Tanta Ginting memilih drama musikal sebagai tantangan terbesar dalam kariernya dibanding akting film. Ia kembali ke panggung melalui musikal “MAR” setelah lama absen karena minimnya ekosistem musikal di Indonesia. Pertunjukan ini dijadwalkan tayang 15–17 Mei 2026 di Ciputra Artpreneur.
Jakarta, 2 Mei 2026 – Tanta Ginting menyatakan preferensinya terhadap drama musikal saat ditemui di Jakarta. Ia menjelaskan bahwa musikal menuntut penguasaan tiga aspek sekaligus: gerak tubuh, olah vokal, dan acting.
“Jadi sebenarnya dari semua itu, kalau misalnya dirurut, paling mendasar sebenarnya kita semua itu harus bisa musikal. Karena musikal kan ada tiga aspek yang harus dikuasai, yaitu gerak tubuh, olah vokal, dan acting,” ungkap Tanta Ginting.

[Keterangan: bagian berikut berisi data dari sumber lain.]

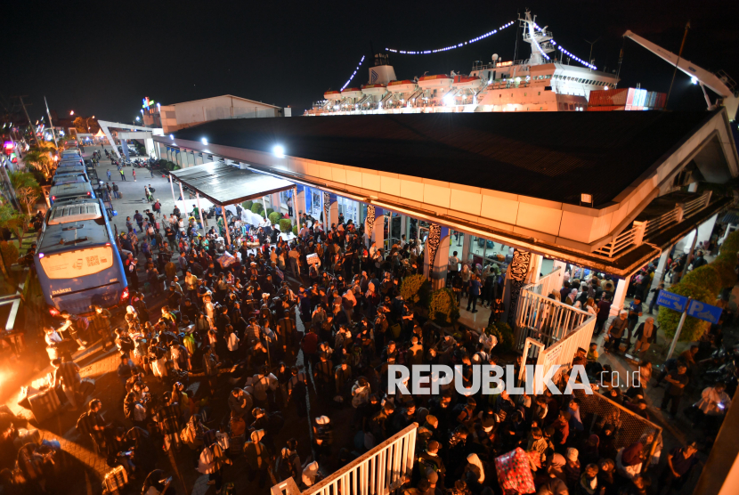REPUBLIKA.CO.ID, MEDAN -- Sejumlah pemudik menggunakan kapal tiba di Pelabuhan Bandar Deli Belawan, Medan, Sumatera Utara, Kamis (12/3/2026).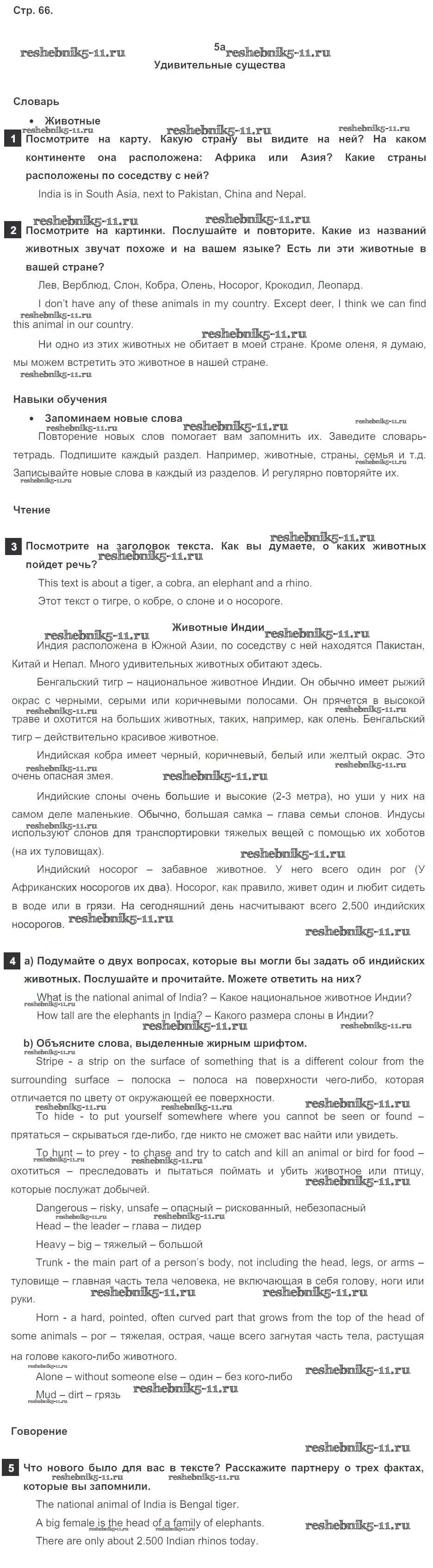 Готовая домашняя работа с ответами по Английскому языку за 5 класс Ваулина, Дули, Подоляко, Эванск Учебник Spotlight Просвещение 2015 ФГОС - Module 5. World animals стр. 66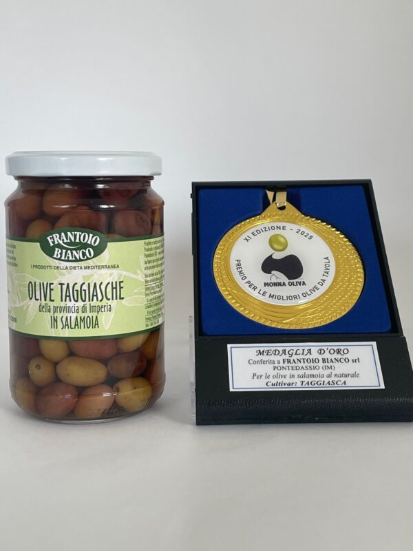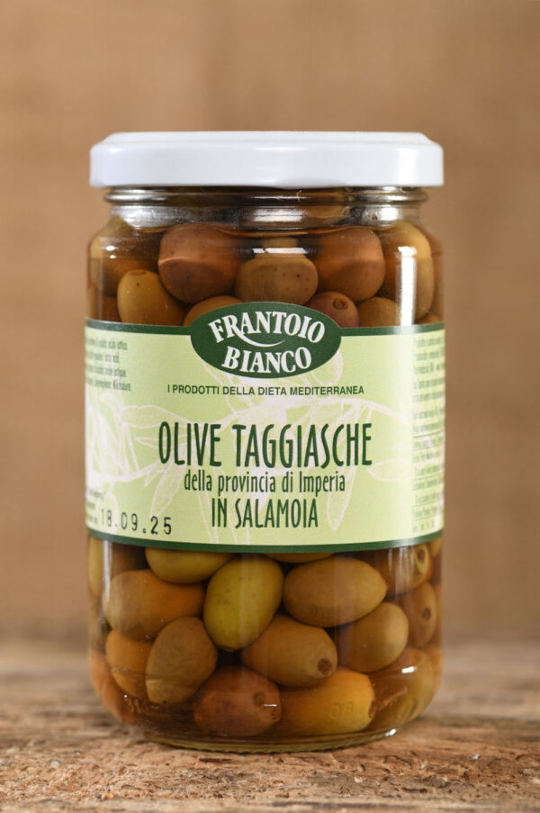Die Taggia-Olive ist wenig bekannt, das Anbaugebiet klein. Sie wächst in den Bergen an der Riviera, im italienisch-französischen Grenzgebiet. Wir haben nach langer Suche eine Familie gefunden, die diese Oliven seit 5 Generationen anbaut und auf dem neuesten Stand der Technik (und Hygiene!) traditionelles Wissen mit modernen Verfahren auf’s Beste vereint. Die Olivenbäume stehen alle am Steilhang, sie werden zwangsläufig mit der Hand geerntet. Aus Kostengründen ist nur ein kleiner Teil der Ware Bio-zertifiziert. Die Oliven selbst werden komplett auf die gleiche Weise behandelt. Die Ware unterscheidet sich nur durch das Etikett.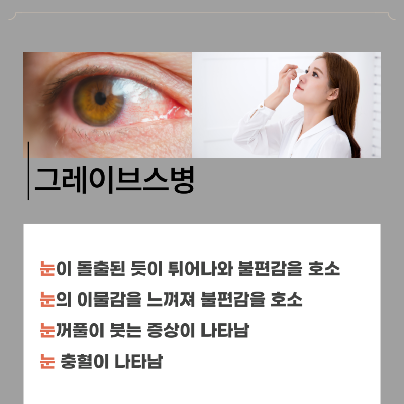 - 몸의 대사가 과잉되어 에너지를 소모시키기 때문에 피로감과 체중 감소를 일으킵니다. 겉보기에는 눈이 앞으로 튀어나와 갑상선 부위가 커지는 현상이 눈에 띕니다. 혈압 이상, 숨이 차는 증상, 신경질로 감정 변화가 심해지거나 불안감, 불면증이 나타날 수 있으며 특히 더위를 견디기 어렵고 땀을 많이 흘리기 때문에 여름철에는 견디기 어렵습니다.

Tanta menekankan kesulitan tambahan karena penampilan live. “Bukan cuma tiga aspek yang harus kita kuasai, tapi semuanya kan live. Nyanyinya juga live… dan kita gak boleh miss aja, kalau kita miss musik harus jalan terus,” katanya.

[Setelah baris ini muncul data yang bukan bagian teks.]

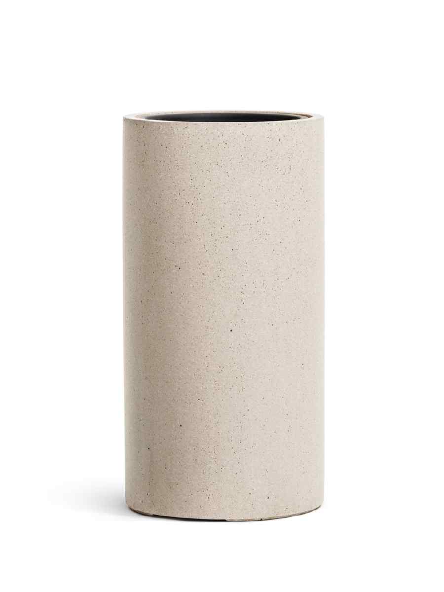 Кашпо напольное для цветов, TREEZ ERGO Hard Rock, цилиндр, керамический горшок, Песок серый беж, 31×33 см, 24 л, для интерьера, для улицы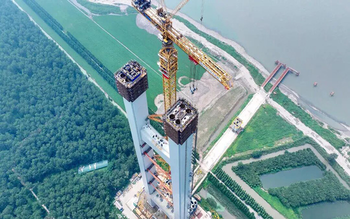 徐工XGT15000-600S采用的創(chuàng)新左右并聯(lián)式、倒三角截面雙臂架結(jié)構(gòu),有效降低江面風(fēng)阻,顯著增強(qiáng)結(jié)構(gòu)剛性,成功攻克“高空精度、抗風(fēng)穩(wěn)性”的施工難題。
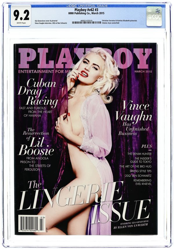 March 2015. Lingerie Issue Photo Cover. MATURE READERS. Grade: CGC 9.2 explanation of grade Condition: Used (collectible)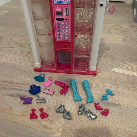 Barbien vaatekaappi ja 9 henkaria. Kaapissa on kiinteä tanko, ulos taitettava tanko, yksi laatikko ja hyllyjä sekä kummassakin ovessa 4 ripustusnuppia. Pieniä kulumisen jälkiä mutta muuten hyvässä kunnossa.
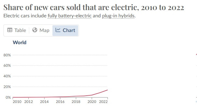 Even though many American conservatives boo like folkies at the Newport Jazz Festival in 1965, the world’s electric transformation continues unabated. Case in point are the share of electric cars sold. As you can see in the first Our World in Data chart below, they went from 4 percent in 2020 to 14 percent in 2022. In 2023 preliminary data shows they reached 18 percent of the share of cars sold. As you can see in the second chart, nearly a third of new car sales in China are electric and a fifth of cars in the European Union.

Ia sempat meninggalkan dunia musikal karena kurangnya komunitas. “Jadi akhirnya aku dengan berat hati harus meninggalkan dunia musikal karena memang tidak ada komunitasnya,” ujarnya. Kini, melalui tawaran sutradara Maera untuk “MAR”, ia menerima tantangan itu. “Aku gak akan nolak sih dan aku akan belajar semati-matinya sampai bisa jadi bagian musikal,” tambah Tanta.
Musikal “MAR” mengangkat karya Ismail Marzuki, berlatar sejarah Indonesia 1946 dengan karakter Mar dan Aryati di tengah Bandung Lautan Api. ArtSwara menghadirkan kembali pertunjukan ini atas permintaan penonton dan keinginan sutradara Maera untuk menggali lebih dalam.